All the lines below need to be transcribed exactly. Pictures get left out.

*Data for the task*

_ _ _ _

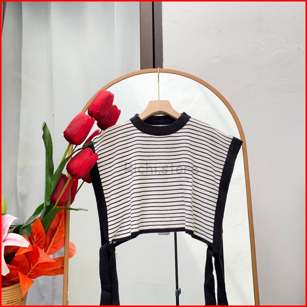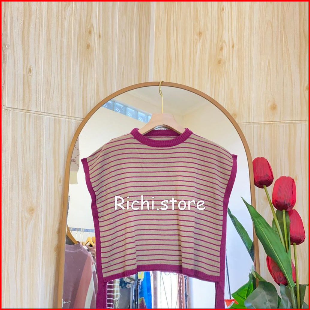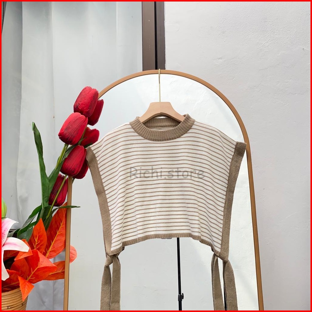 Yura Vest Tali Crop Blaster Rajut Garis-garis
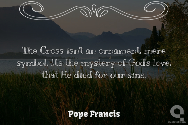 The Cross isn't an ornament, mere symbol. It's the mystery of God's love, that He died for our sins. Pope Francis
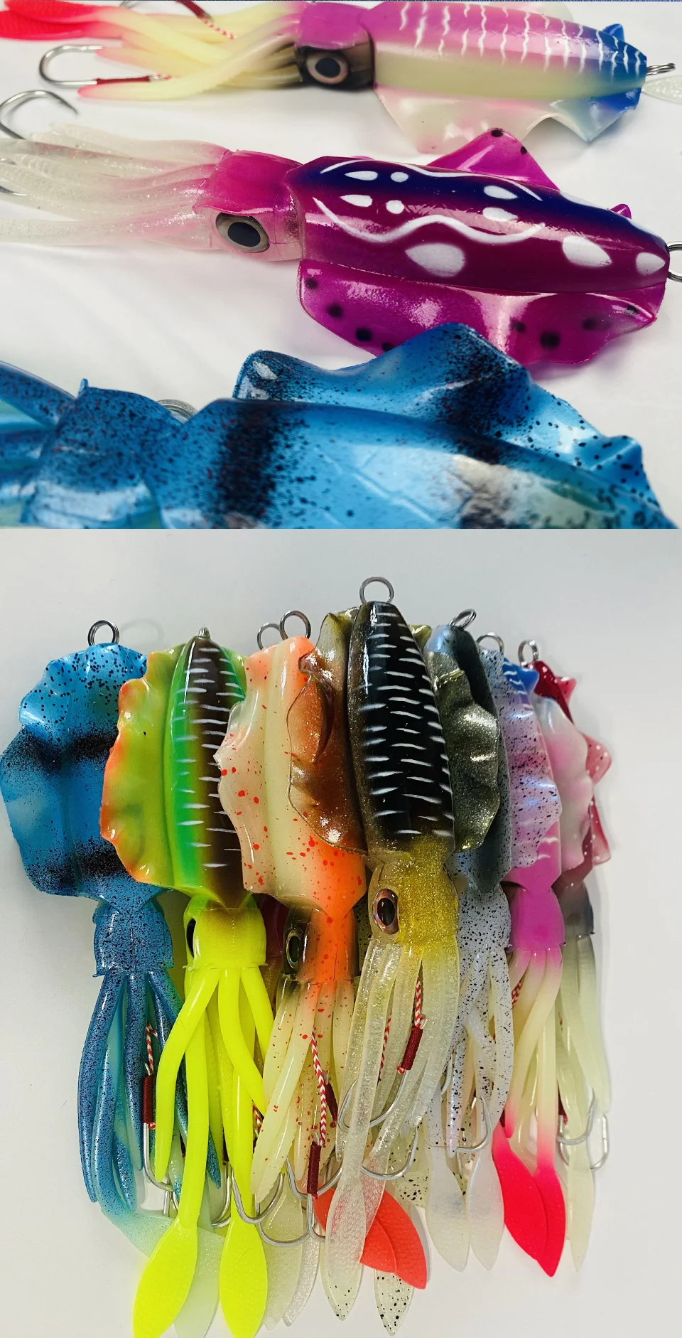6. El diseño más nuevo que incluye una plomada dentro del señuelo de calamar y 4/0 ganchos de asistencia doble compensados. Agregue una plomada de 40g En el calamar, reemplace una adición a una plantilla o simplemente agregue una cabeza de plantilla.
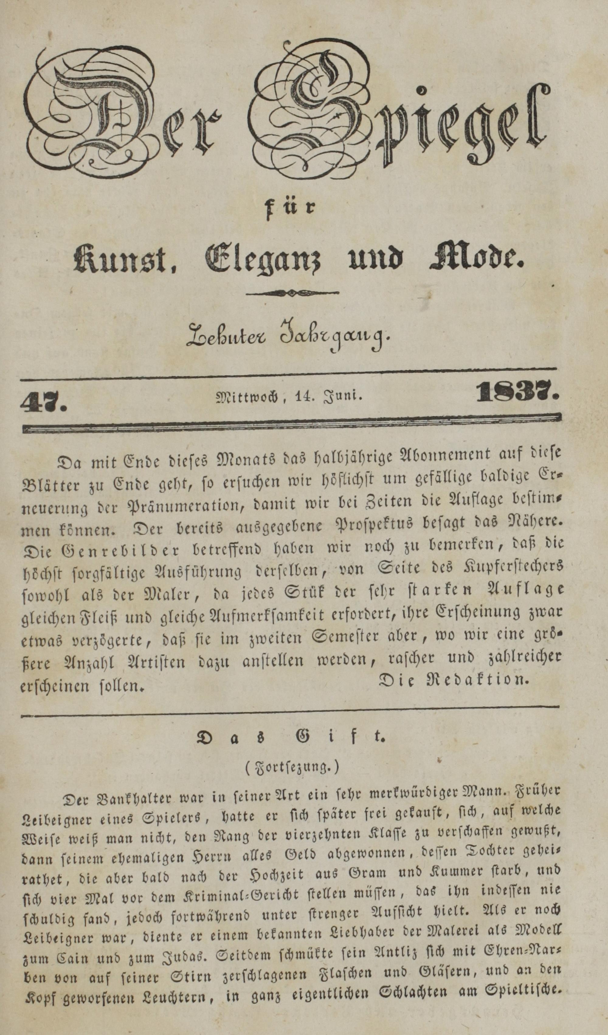 Der Spiegel für Kunst, Eleganz und Mode. 1835-1840
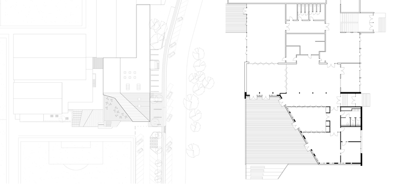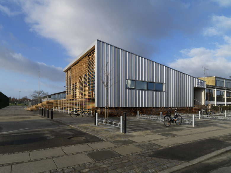 The materials are limited to aluminium and timber. The aluminium continues the material and volumes of the existing sports facilities and wraps the roof with two of the three facades. In contrast, timber is employed where the form is cut away, providing necessary sun shading to meet energy requirements, and for the terrace and steps connecting to the playing fields. The timber sun shading slats refers to wall bars in gymnastic halls and tie the steps into the volume of the building. In addition, the slats screen the changing rooms’ windows to provide privacy yet natural daylight. The closed façade elements and the internal window mullions are also timber products.
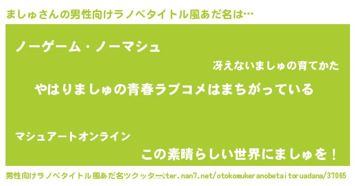 | 女子向けラノベタイトル風あだ名 | 『ましゅの雑貨屋さん』 |
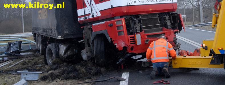 De truck schoot door de vangrail en kwam op de andere rijbaan terecht. De chaufeur raakte hierbij gewond aan z'n been en werd overgebracht naar het ziekenhuis. Onbekend is, hoe het ongeval heeft kunnen ontstaan. |
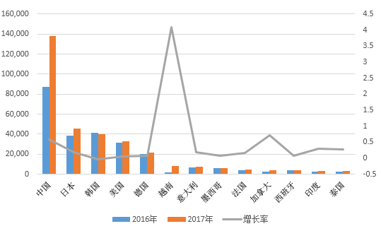 2017年全球各國工業(yè)機器人銷(xiāo)量排名
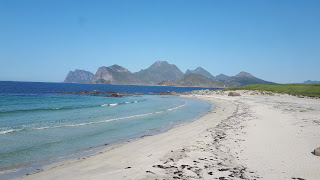 Nous baroudons avec Mamie pendant 11 jours dans la partie sud des Lofoten jusqu'à Svolvaer. Ces 11 jours sont MERVEILLEUX, on en prend plein la vue ! Et le temps favorise le voyage puisque le ciel est bleu ! La magie opère à chaque virage! Et dans l'assiette, c'est pareil, on continue de pêcher du poisson ! Bref, on se régale le ventre, on se régale les yeux ...
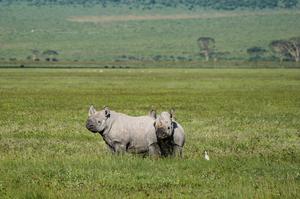 (250428) -- NGORONGORO, 28 abril, 2025 (Xinhua) -- Imagen del 26 de abril de 2025 de dos rinocerontes negros en...

_ _ _ _

*Response for this exercise*
 Yura Vest Tali Crop Blaster Rajut Garis-garis
 The Cross isn't an ornament, mere symbol. It's the mystery of God's love, that He died for our sins. Pope Francis
6. El diseño más nuevo que incluye una plomada dentro del señuelo de calamar y 4/0 ganchos de asistencia doble compensados. Agregue una plomada de 40g En el calamar, reemplace una adición a una plantilla o simplemente agregue una cabeza de plantilla.
 Der Spiegel für Kunst, Eleganz und Mode. 1835-1840
 The materials are limited to aluminium and timber. The aluminium continues the material and volumes of the existing sports facilities and wraps the roof with two of the three facades. In contrast, timber is employed where the form is cut away, providing necessary sun shading to meet energy requirements, and for the terrace and steps connecting to the playing fields. The timber sun shading slats refers to wall bars in gymnastic halls and tie the steps into the volume of the building. In addition, the slats screen the changing rooms’ windows to provide privacy yet natural daylight. The closed façade elements and the internal window mullions are also timber products.
 | 女子向けラノベタイトル風あだ名 | 『ましゅの雑貨屋さん』 |
 De truck schoot door de vangrail en kwam op de andere rijbaan terecht. De chaufeur raakte hierbij gewond aan z'n been en werd overgebracht naar het ziekenhuis. Onbekend is, hoe het ongeval heeft kunnen ontstaan. |
 2017年全球各國工業(yè)機器人銷(xiāo)量排名
 Nous baroudons avec Mamie pendant 11 jours dans la partie sud des Lofoten jusqu'à Svolvaer. Ces 11 jours sont MERVEILLEUX, on en prend plein la vue ! Et le temps favorise le voyage puisque le ciel est bleu ! La magie opère à chaque virage! Et dans l'assiette, c'est pareil, on continue de pêcher du poisson ! Bref, on se régale le ventre, on se régale les yeux ...
 (250428) -- NGORONGORO, 28 abril, 2025 (Xinhua) -- Imagen del 26 de abril de 2025 de dos rinocerontes negros en...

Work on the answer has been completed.